To nevertheless calculate a decent estimate of the fitting errors, the
**climex** package introduces two statistical approaches, one based on
*bootstrap* and the other one based on a *Monte Carlo* approach. In
comparison to the calculation of the confidence intervals implemented
in the *extRemes* package, the climex package calculates the standard
deviation of the return levels. Since there are a lot of different
sources of errors in the extreme value analysis, like too small block
sizes, too low thresholds, or non-stationaries and/or correlations in
the data, providing a confidence interval (CI) might the misleading
for some users. All these additional errors are by no means included
in the CI and have to be obtained in further studies to construct some
appropriate CI of the calculated return levels.

## Better error handling

Due to the use of either the **Nelder-Mead** or **BFGS** optimization
algorithm, some time series will throw errors when fitted using the
other **R** packages tailored for the extreme value analysis. When
fitting 100 stations at once you can expect at least one of them to
break your code.

In order to allow a massive parallel application of the extreme value
analysis, the **climex** package features a more robust error
handling. In addition, the improved fitting routine mentioned above
is able to handle initial parameter combinations far more distant
from the global optimum than feasible under any unconstrained routine.
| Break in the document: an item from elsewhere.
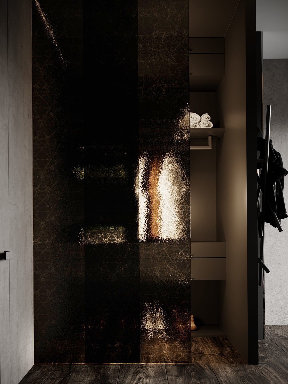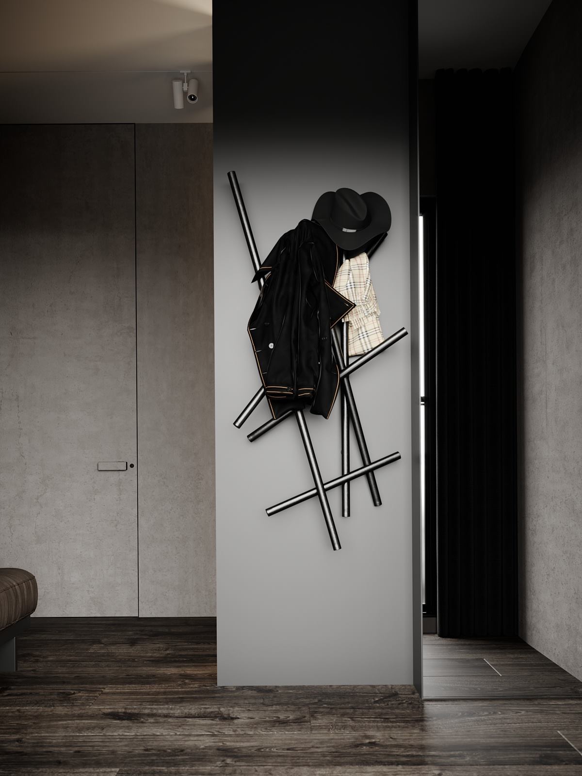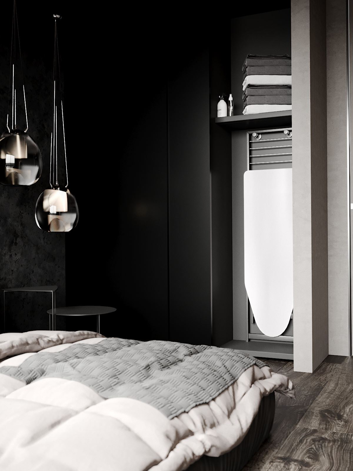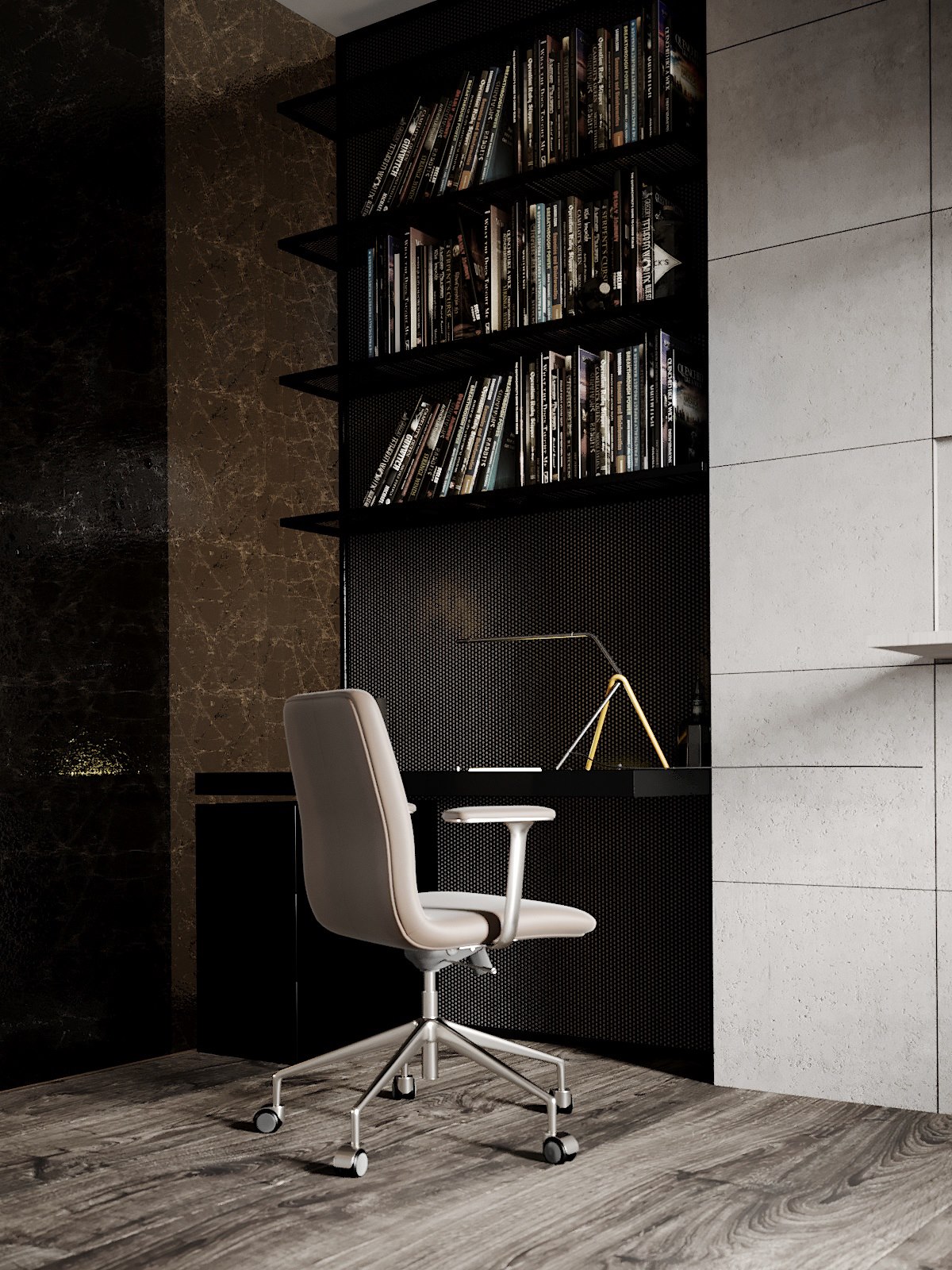 Projekt wykonany w typowo męskim stylu z elementami minimalizmu – przestronne otoczenie, celowo wyeksponowana faktura z solidnych materiałów wysokiej jakości. To asertywność, celowość, poczucie wszechwładzy połączonej z naturalnością i wdziękiem.

## Focused on handling time series

The fundamental object class handled in the **climex** package is the
time series class **xts** or lists of class xts objects. This allows
the user to harness all the additional functions tailored for the
analysis of time series, e.g. those of the **lubridate** package. It
also includes a couple of convenience functions often used within the
extreme value analysis, like blocking, application of a threshold,
declustering, deseasonalization etc.

To build a decent foundation of climatological data your analysis can
rely on, I wrote the package
dwd2r, which downloads
large amounts of data from the FTP server of the German weather service
(DWD) and converts them into a format usable within **R**. For more
details see the corresponding post.

# Shiny-based web application

Since it’s quite cumbersome to handle dozens, not to mention many hundreds of time series, I also wrote a Shiny-based web application in the package climexUI to perform the EVA on the individual series.

It features two different tabs. The first one holds a leaflet map the user can interactively choose the station she want to perform the analysis on from. Also the most important information concerning the chosen series is displayed in a box.
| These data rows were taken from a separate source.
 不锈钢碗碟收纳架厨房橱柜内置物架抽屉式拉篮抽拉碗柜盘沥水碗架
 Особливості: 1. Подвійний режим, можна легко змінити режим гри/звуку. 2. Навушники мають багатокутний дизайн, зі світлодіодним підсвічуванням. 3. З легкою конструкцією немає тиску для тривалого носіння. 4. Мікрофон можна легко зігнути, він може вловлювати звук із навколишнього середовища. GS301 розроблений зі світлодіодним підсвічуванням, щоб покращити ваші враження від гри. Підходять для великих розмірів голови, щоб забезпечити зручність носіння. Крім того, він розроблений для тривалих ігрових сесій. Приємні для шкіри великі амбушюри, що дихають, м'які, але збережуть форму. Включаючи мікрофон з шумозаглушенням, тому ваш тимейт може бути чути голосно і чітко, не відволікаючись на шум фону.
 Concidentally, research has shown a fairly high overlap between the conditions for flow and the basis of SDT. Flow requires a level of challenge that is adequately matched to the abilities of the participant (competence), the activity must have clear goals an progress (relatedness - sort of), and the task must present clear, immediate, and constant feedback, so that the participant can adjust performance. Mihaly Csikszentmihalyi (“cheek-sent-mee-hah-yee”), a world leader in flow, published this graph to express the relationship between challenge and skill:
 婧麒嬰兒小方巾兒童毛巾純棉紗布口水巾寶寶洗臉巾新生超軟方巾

The second tab provides full control over all steps involved in the fitting of the station data via an intuitive GUI in a persistent way (changes will be applied to the analysis of all following time series). You can e.g. pick either the GEV or GP distribution, exclude single points or whole parts of a time series from the analysis, or calculate the return level for the minimum values instead of the maximum ones.

A detailed description of the different features is given in the corresponding vignette.
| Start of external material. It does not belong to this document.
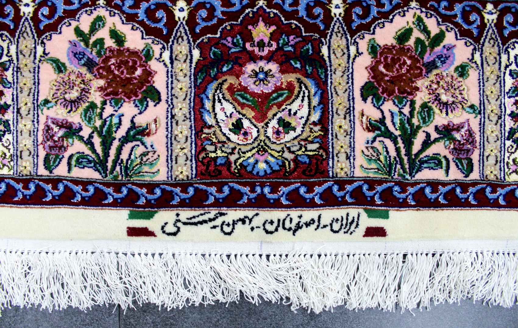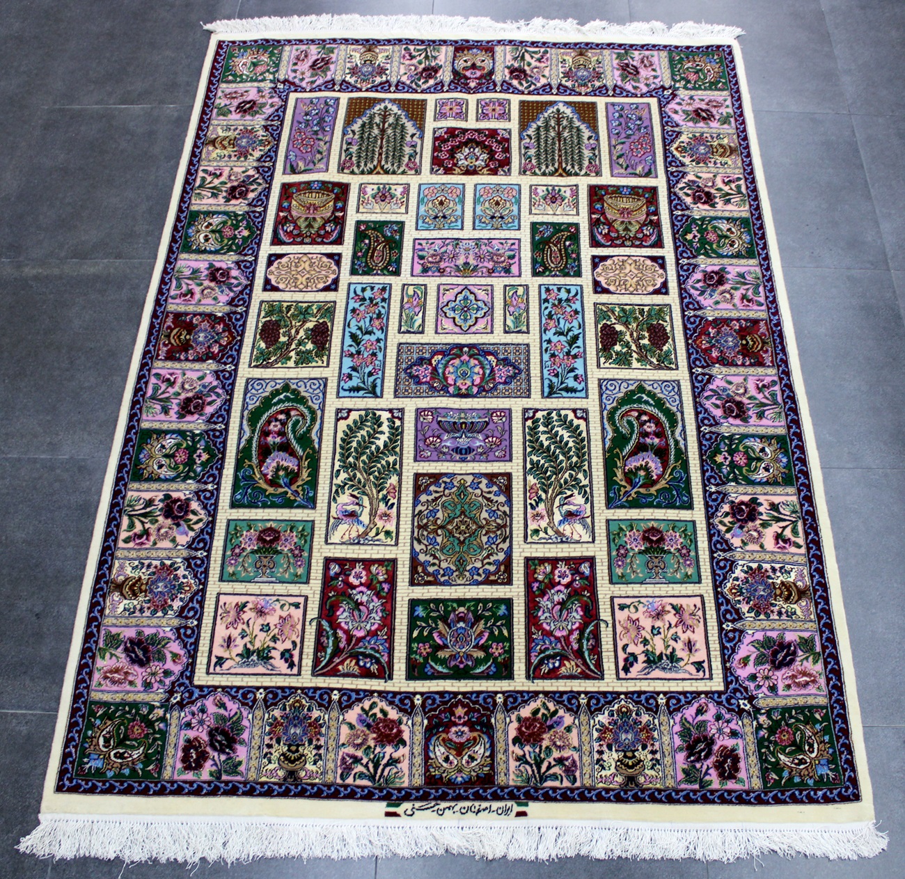 سجادة أصفهان ممضية (بهمن حسني) نقشة ثُريا صوف كُرك وكف حرير (60% من السجادة حرير) و3 ألوان حرير وفيها 60 قطبة بالـ7سم شغل يدوي ايراني العجمي
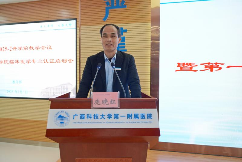 2月7日下午,广西科技大学第一附属医院(第一临床医学院)在该院学术报告厅召开2024-2025-2开学前教学会议暨临床医学专业认证启动会。全体医院领导出席会议,会议由副院长黄进瑜主持。各教研室及相关职能部门负责人,各教研室教学秘书及专任教师、硕士以上学历医技人员等共计100多人参加了会议。

You are curious and want to try the package or the web application? Using the following link you can test the web application.

# Installation

You clone the repository using your command line,

`git clone https://gitlab.com/theGreatWhiteShark/climex`

open a `R`

shell in the newly created folder,

```
cd climex
R
```

and install the package using the `devtools`

package.

`devtools::install()`

# Usage

You are new to **R**? Then check out the compiled list of
resources from RStudio or
the official
introduction.

A thorough introduction is provided for the general usage of the package and the Shiny-based web application, as mentioned beforehand.

When using this package in your own analysis, keep in mind that its functions expect your time series to be of class xts and not numeric!

### Update 29.11.2018

Rewriting the post to cover the updated **climex version 2.0.0**.